The flight of wealth coincides with fierce debate in which Mr Hollande and ministers passionately defend their policies as critics portray France and its economic management - or, as they would have it, mismanagement - as central to the euro crisis.

Prominent socialists have reacted angrily to a cover story in The Economist likening the French economy to a time bomb.

The prime minister, Jean-Marc Ayrault, said that France was "not at all impressed" and the Hollande-supporting daily newspaper Libération ran a sequence of past covers of The Economist critical of French politics.

One showed the former British conservative prime minister Margaret Thatcher in 2006 with the slogan "What France needs". This year, "the rather dangerous Mr Hollande" was depicted on the eve of his election as a slightly shifty figure emerging from behind the French tricolour.

The response of those who wish the new president well is understandable.

Even before the new controversy, Jacques Reland, the pro-Hollande head of European research at the Global Policy Institute in Paris, had told The National overseas criticism of French economic performance was "wildly exaggerated".

Now, describing the report as "ridiculous", he adds: "It confirms what I think. The forces of social regression are at work in UK as well as Germany. [Mr] Hollande is right not to want to throw out the baby with the bath water."

Mr Hollande is in combative mood. "I know some bosses want to leave the country, because they've made their fortunes or wish to pass on their assets to their children, avoiding certain obligations," he told the left-of-centre news magazine Le Nouvel Observateur. "But the real entrepreneurs, those who are part of the action, remain in France. These are the patriots.
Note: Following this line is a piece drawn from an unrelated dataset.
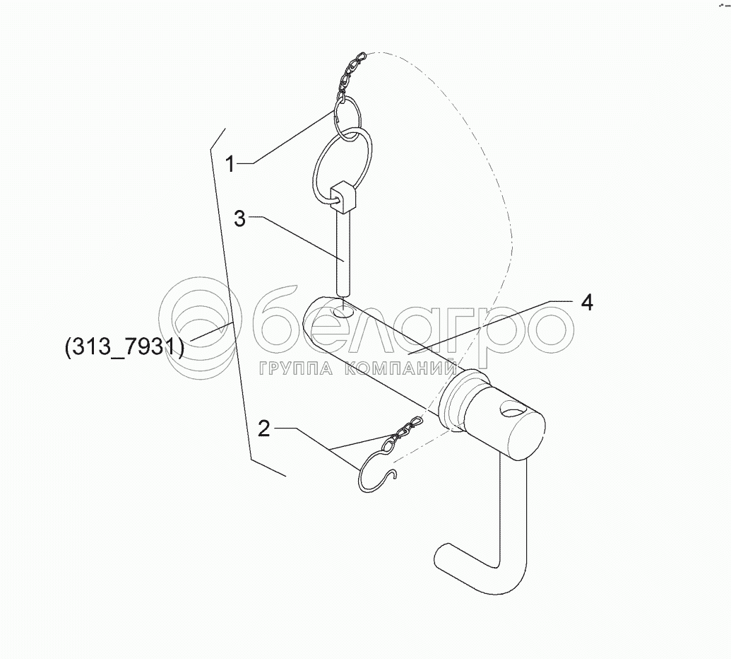 Каталог запасных частей к технике: Lemken Rubin 12/700 KUA. 3137929 Top link pin with chain

I know we are asking them to make an effort and they accept it."

Among those who share his assessment of France's problems, and the correct remedies, there is scorn for what Le Nouvel Observateur called the "anti-Hollande crusade" mounted by opponents even in France.

"For the health of democracy, we need intelligent opposition to socialism," wrote , Laurent Joffrin, the paper's editorial director. "Instead, we hear only that which is derogatory, inconsistent and ridiculous."
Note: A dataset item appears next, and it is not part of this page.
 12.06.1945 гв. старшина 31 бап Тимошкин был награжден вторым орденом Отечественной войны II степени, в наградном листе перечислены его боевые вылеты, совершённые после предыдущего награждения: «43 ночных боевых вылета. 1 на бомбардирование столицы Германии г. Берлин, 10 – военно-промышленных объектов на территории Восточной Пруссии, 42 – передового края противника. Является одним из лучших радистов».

But beyond party squabbling, it is clear some of France's better-off have no desire to see the socialist experiment through.
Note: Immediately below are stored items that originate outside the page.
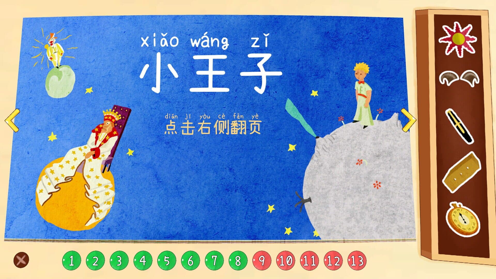 A puzzle game in a watercolor style, where players need to complete puzzles by clicking or dragging with the mouse. The presentation format mimics children's picture books, with different scenes displayed in a paged format. Take you back to the story of the classic work "The Little Prince"!
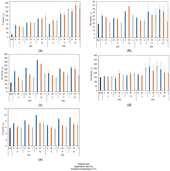 The values of the bioavailable plant nutrient elements P, Ca, Mg, Na, and K for all treatments are presented in Figure 4. The P concentration, Figure 4e, increased for all the treatments except for the 3% (w/w) application rate with particle size L at both biochar temperatures. In turn, the P concentrations in the remaining treatments increased by between 4 and 72%, with the greatest increase corresponding to a 10% (w/w) application rate of particle size L of the 450 °C biochar with a value of 9.85 mg∙kg−1db. The P concentration was directly proportional to the application rate and biochar particle size. The single effects of application rate, particle size, and the interaction between the particle size and application rate were statistically significant, with the particle size and application rate having the highest effect on its variance (partial eta squared of 0.822 and 0.883, respectively).
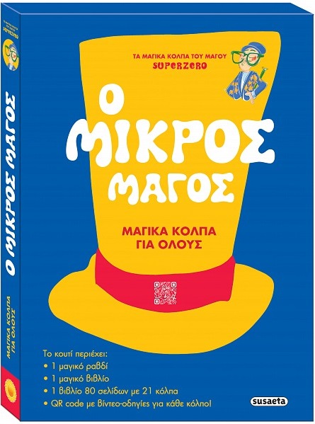 Το κουτί του Μικρού μάγου περιέχει: • 1 μαγικό ραβδί • 1 βιβλίο με λευκές σελίδες που χρωματίζονται μαγικά και μετατρέπονται σε όμορφες εικόνες • 1 βιβλίο 80 σελίδων με 21 κόλπα • QR codes με εκπαιδευτικά βίντεο και οδηγίες βήμα βήμα για κάθε κόλπο!
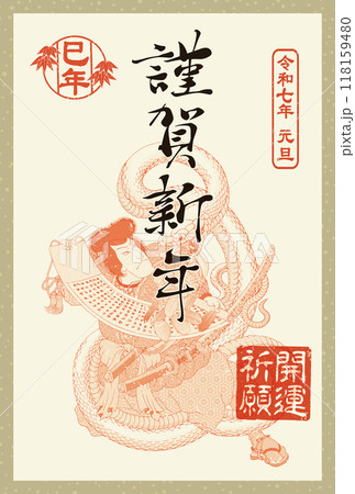 2025年賀状テンプレート「御朱印風デザイン」謹賀新年 手書き用スペース付

According to Mr Hollande's critics, wealth creators whose financial clout and enterprise make them a potential source of new employment, will increasingly feel they are being driven out by a harsh fiscal climate.

The president promises to keep the 75 per cent upper rate for no more than two years.

But back on the Franco-Belgian border, one in four of Néchin's population of about 2,000 is already French. High-profile residents include members of the Mulliez family, the owners of the Auchan supermarket chain.

The actor Gérard Depardieu, who has starred in scores of films in a career spanning more than 40 years, is reported by the Belgian press to be on the point of completing the purchase of a mansion in Néchin for €520,000. Depardieu, who grew up in a poor family and was a delinquent truant in his early teens, supported Mr Hollande's centre-right predecessor, Nicolas Sarkozy. He has not commented on the Belgian link but news of his gesture, if correct, speaks volumes.

Europe's richest man, Bernard Arnaud, the French head of the luxury goods empire LVMH, has applied for Belgian nationality. He insists he will continue to meet his tax commitments in France but it is fair to say that pledge has, to an extent, fallen on deaf ears.

Perhaps to his own dismay, the attitude of Mr Hollande may have been summed up for France's moneyed minority by an incautious remark, caught on television before the presidential elections, that he disliked the rich.

The response of the affluent - and conservatives more generally - is encapsulated in a statement by François Fillon, the former prime minister, deriding the proposed tax regime that spurred Mr Arnaud's wish to acquire Belgian nationality.

"When you take stupid decisions, you get these terrible results," he said.

"The chief of one of the best companies in the world, who symbolises French know-how and success, known throughout the world, has been prompted to change his nationality because of the fiscal policy which is being applied in our country."